As a professor in Health and Sport Science at the University of Dayton, I teach students pursuing Sport Management majors. Sales and Fundraising is a class that I created in 2006 because it became apparent that these skills were needed for success upon graduation yet absent in the curriculum. Initially, most students were resistant and did not welcome this challenge because the lessons stretched students beyond their comfort zones. In my opinion, honed from 25 years in the classroom confronting similar reactions, that place of discomfort is where learning begins. Over the years, I developed the following three opportunities for my class:

Schleppi Fund
The first time this class was offered, each student was asked to set a goal of raising $1,000. Not one student achieved this goal. In fact, they averaged half that amount. It was obvious students needed a stronger push to embrace their goal and overcome the discomfort of asking others to donate, even for a valuable charitable cause.

The class decided to set up a scholarship, knowing they were going to plant a seed from which others would benefit. Their goal was for future Sport Management students to participate in a conference and get professional experience while they were still in college.

This gave rise to the John R. Schleppi Sport Management Career Enhancement Fund, named for a professor emeritus who was instrumental in coordinating the Sport Management major. The fund was designed to enable future Sport Management underclassmen to attend and/or present at industry conferences by providing the means to underwrite their participation. The winners are chosen by a panel of senior Sport Management students after evaluating each application.

The class of 2006 started the process of raising funds. Those cohorts were hoping to raise $25,000 in order for the fund to exist in perpetuity.

Today, the average student exceeds $1,000. One proud student posted a record of soliciting $2,400. At the time of this publication, 10 years after the first disbursement was awarded, the fund is valued at $101,200.

 

Eight Tips to Empower Students as Fundraisers

• Keep an open mind when it comes to how both you and your contacts value money.
• Explain the cause and state your personal sales goal.
• Share that you have received gifts in the amounts of $25 to $500, and that you personally gave $100.
• Reiterate that whatever amount of money they feel comfortable giving will be most appreciated.
• Realize you may hear "no" four times before you hear a "yes".
• Be persistent, as your contacts are busy, and a "no" is never personal.
• Remember that people may buy for two reasons: they believe in you and/or your cause.
• Ask for a referral, as they might know someone like-minded who would also believe in your cause.

Front Row
Seven years after initiating this class, The Front Row Foundation was added to the list of options. This organization can be described as "Make-a-Wish Foundation meets Tony Robbins." The goal of Front Row is to embrace the whole family as it fulfills wishes for those with medical hardships, and not just for one day. The impact on students of getting to know the person affected by their charitable contributions is profound and noticeable. For students, this is often the first time they have been challenged to think selflessly of the good they can do for others.

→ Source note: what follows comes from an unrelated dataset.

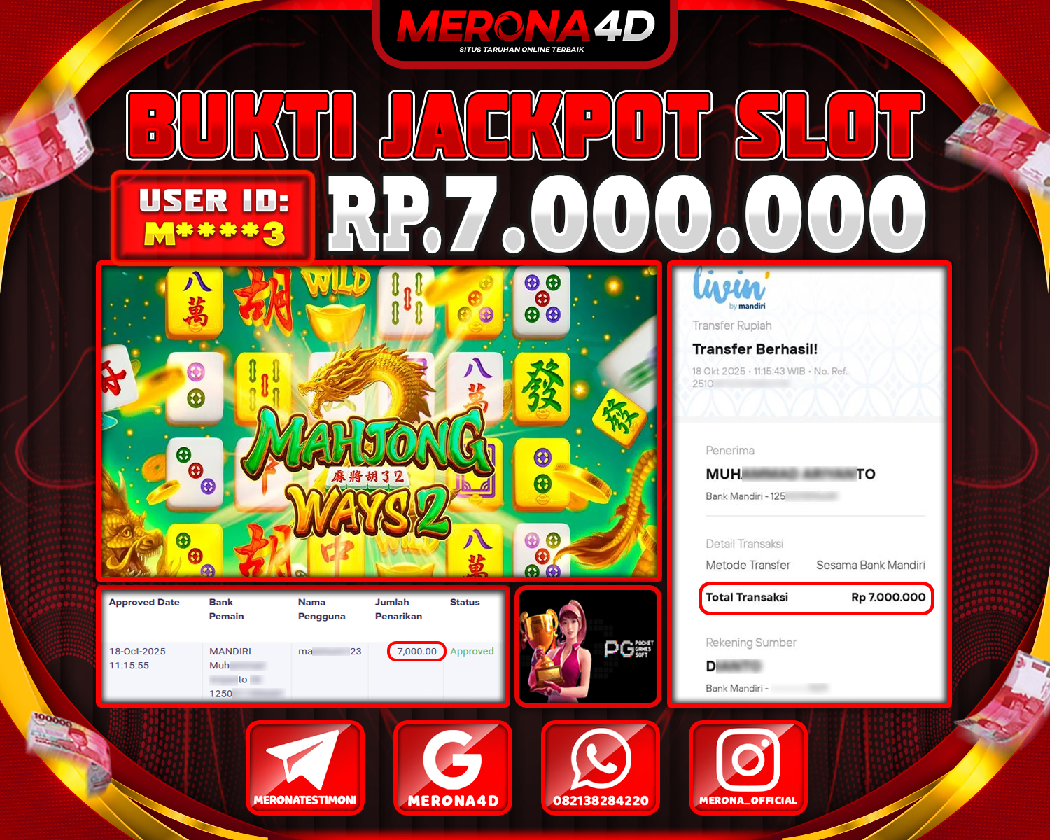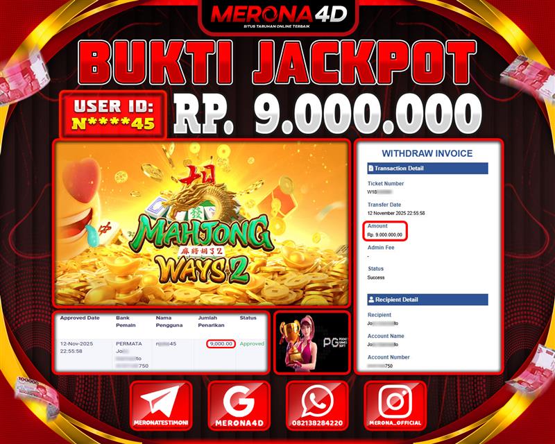 Selamat Kepada Member MERONA4D Mβ­‘οΏ½***οΏ½β­‘3 Telah Jackpot Di MAHJONG WAYS 2

Students found it easier to request funds since the proceeds were being used for altruistic purposes. In addition to raising funds, one student leveraged his network to procure an autographed football from the Washington Redskins that was shared with a young recipient.

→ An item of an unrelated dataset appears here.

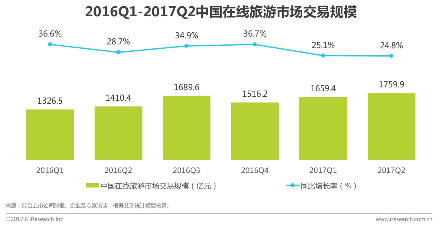 2017Q2在线旅游市场交易规模1759.9亿元,同比增长24.8%,相较2016Q2下降3.9个百分点。艾瑞咨询认为,随着互联网人口红利逐步消失,线上的获客成本不断提升,行业巨头纷纷在线下开设门店,线上市场交易规模将受到影响,增长逐步放缓。

To date, the class has raised $84,410 and has impacted seven different people and their families.
 

Student View from the 'Front Row'

Going into this class, I was apprehensive. I had heard from upperclassmen that this was one of the most challenging classes in that you would be pushed to raise what seemed like an unfathomable amount of money. I was worried, and resistant, as I had no desire to work in either the sales or fundraising fields. I just wanted to complete this course and earn my credit. However, that's not how it played out. Instead, I was introduced to a whole new career path that I had previously overlooked, and I was given a chance to make a lasting impact on someone else.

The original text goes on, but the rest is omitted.